MBF research group has been funded by several grants including Agencia Estatal de Investigacion to investigate the molecular mechanisms associated with cell cycle-mediated infection. In that grant we collaborated with several groups, Dr. Frank Menke (TSL, UK) and Prof. Nick Talbot TSL, UK), unravelling the phosphorylation landscape and transcriptional network associated with appressorium -mediated plant infection and determine that our kinase of interest, Cds1, is tightly linked with MAPK signalling. Dr. Oses-Ruiz also received funging European Research Council with a Starting Grant where she proposed to elucidate and understand at the molecular level the factors contributing to generate cellular heterogeneity driving infection in the blast fungus.

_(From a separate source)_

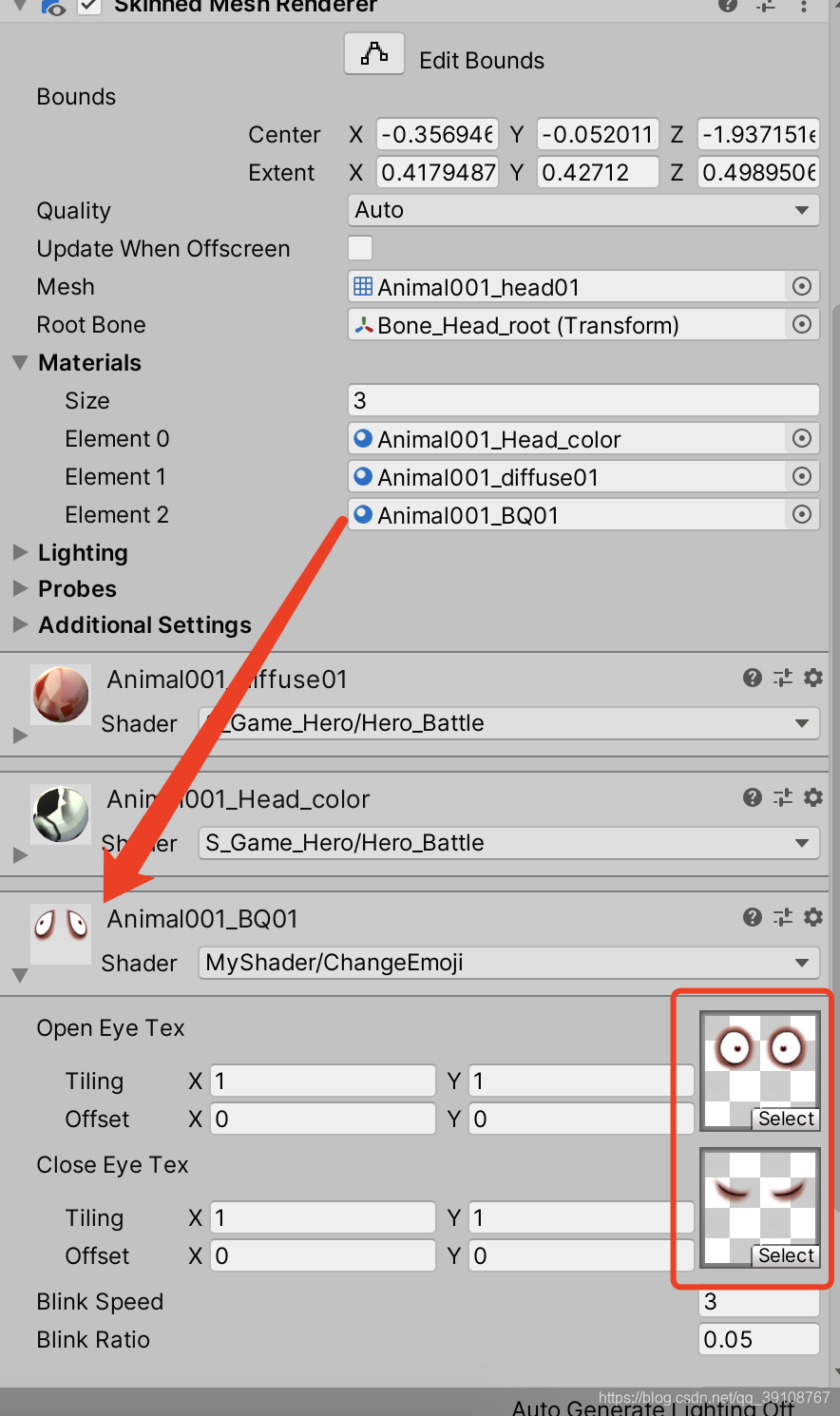 眼睛部分单独作为一个材质球,准备一张睁眼一张闭眼的贴图,在shader中自动切换贴图,实现眨眼效果

Dr. Oses-Ruiz holds a solid network of collaborators from the UK, USA, Japan, Spain, and The Netherlands. She have actively cooperated in disseminating our research and engage with the general public by carrying several radio interviews, podcast and attending events. Our work has been presented in more than 50 scientific meetings, and since becoming independent, Miriam has been invited to several conference and meetings as a speaker, including the 31st Fungal Genetics Conference (USA, 2022), Molecular Dialogue in Plant Biotic Interactions (France, 2023), British Mycological Society (UK, 2025) and International Fungal Biology Conference (IFBC) (Greece, 2025). She was an Assistant Feature Editor of Plant Physiology journal (2022-2024), a Guest Co-Editor of Frontiers special issue “Fungal Biology” (2022) and a reviewer for Molecular Microbiology, PLoS Genetics, Molecular Plant Pathology, Microbiology Spectrum, Molecular Plant Microbe Interactions and Fungal Biology Reviews.